Leauva'a students welcome better learning environment
More than 300 students from Leauva’a Primary School will benefit from the opening of their new classrooms on Friday.
The project cost more than $200,000, according to the School Principal, Ada Uhrle-Mikaele.
Japan pledged $246,805.88 in funding assistance under its Grant Assistance for Grass-Roots Human Security Projects (GGP) to fund reconstruction of eight new classrooms, a staff room and a library.
A ceremony to mark the occasion was attended by Prime Minister, Tuilaepa Dr. Sa'ilele Malielegaoi, Japanese Ambassador, Terasawa Genichi and Cabinet Ministers.
In his remarks, Tuilaepa highlighted the significance of education for the children of Samoa so they can grow up and have better futures.
He advised parents to prioritise their children’s education by sending them to school instead of keeping them home thus leading to more troubles in the future.
The Prime Minister also acknowledged the continuous support from Japan through various development projects.
The Japanese Ambassador said that he was incredibly happy to assist the efforts by all stakeholders of the school including parents and this community to ensure better educational environment
“However, there is something more important than school facilities. I believe it is quality education.
“Quality education that is provided by quality teachers and the Ministry of Education, Sports and Culture (M.E.S.C.) is always making great efforts for the capacity development of teachers through training programs.
“It is my humble request to pay your utmost consideration so that your teachers can develop their capacity through supporting them materially and spiritually.”
He also added that Japan will continue assisting the projects for capacity development of teachers conducted by the Ministry, as well as our assistance to improve school facilities.
“Finally, I would like to express my gratitude to the School Committee, Parents and Teachers Association, Principal and her staff for your concerted efforts.
“Without your enthusiasm, the project would not have achieved so successfully.”

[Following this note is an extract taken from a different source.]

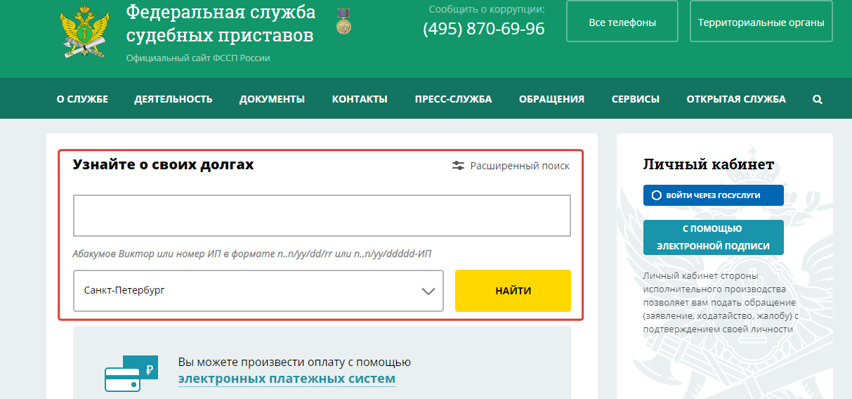 - на главной странице сайта ФССП;
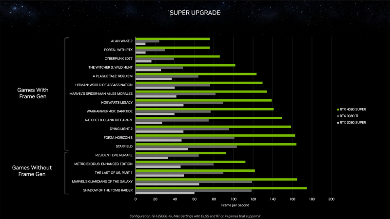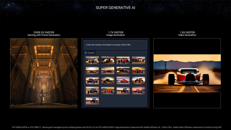 Infelizmente, a NVIDIA não comparou as novas placas Super com os modelos regulares da série GeForce RTX 40. Em vez disso, o fabricante comparou os novos produtos com as placas de vídeo da série GeForce RTX 30 da geração anterior baseadas na arquitetura Ampere, contra a qual os novos produtos obviamente parecem muito mais rápidos. Não apenas em jogos, mas também em tarefas relacionadas à IA.

The Leauva’a primary school principal added that the new classrooms will provide better educational facilities for their students.
She said that the old classrooms had poor hygiene which was not fit for the students to use.
“We thank God for the success of this project which was in the pipeline for so long yet we did not have financial support. We have 360 students with nine teachers including myself.
“This achievement is important for the children of Leauvaa. After an assessment by M.E.S.C. they recommended for our school to close this led us to seek help when we were fortunate to be selected by Japan.
“We also faced problems with land, it was not easy. The work was completed in March but we only opened it on September.”